George Wein forged a place in the jazz pantheon of John Hammond and Norman Granz as an entrepreneur and prime mover who made a difference -- a big difference -- thrusting jazz into new arenas of social acceptance and respectability (though some purists suspect that the move from the cabaret to the concert stage might not necessarily be a Good Thing). Wein’s founding of the Newport Jazz Festival in 1954 and his overseeing of its triumph emboldened communities from Montreux, Switzerland, to Tokyo to launch spinoffs, spreading jazz to massive new audiences and providing employment for once-scuffling artists.

Motivated by obsessive passion and commitment to jazz unabated after half a century and driven by an inexhaustible fount of energy, Wein displayed intuitive gifts for wiring himself into the moneyed aristocracy and political superstructure of whatever community he invaded. Given the breadth of his life and the talent he showcased, his aptly titled memoir, “Myself Among Others,” offers an exhaustive look at a life lived upon the most exciting jazz stages of the 20th century.

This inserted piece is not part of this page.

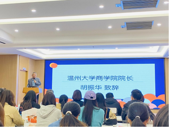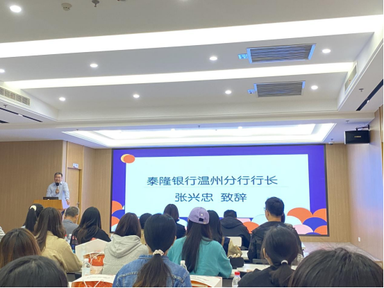 院长胡振华发表讲话。他指出,泰隆银行的普惠理念很符合当前浙江省建设高质量共同富裕示范区的要求,共同富裕强调的就是让农民和市民享受一样的幸福感,让小微企业和大中型企业一样享有平等权利,而泰隆银行以发放小微贷款的方式助力小微企业发展,这对于增加就业、增加税收有积极作用,展现了泰隆银行的社会担当。同时,他指出本此实践调研让研究生们更真切地了解银行的工作体系,也为绿色金融、普惠金融的论文写作积累素材。最后,胡院长勉励在座研究生需不断夯实自身的商科基础为未来投身于泰隆银行等系列银行打好基础。

Born in 1925 into Boston’s Jewish middle-class, he took the perilous step at 25, with no expertise save his fanatical dedication to the music, of opening the now-famed Storyville, which Wein made into an ideal jazz club and recording venue: “It was never a joint. We had no floor show, no drug dealers or resident hookers. We kept things clean, reaffirming my vision of the club as a true music room.” He established unusual rapport and respect among musicians, for whom nightclub owners had long loomed as natural enemies. Such simpatico was aided by his ability to sit in on piano with the great and near great with a prowess better than he gives himself credit for. Wein’s acceptance was further enhanced by his interracial marriage to Joyce Alexander, which initially horrified both their families, until they grew reconciled to this enduring union. Possessed of uncommon intelligence and good sense, Joyce served as George’s partner, advisor and, most of all, his ballast throughout his multifaceted half-century career.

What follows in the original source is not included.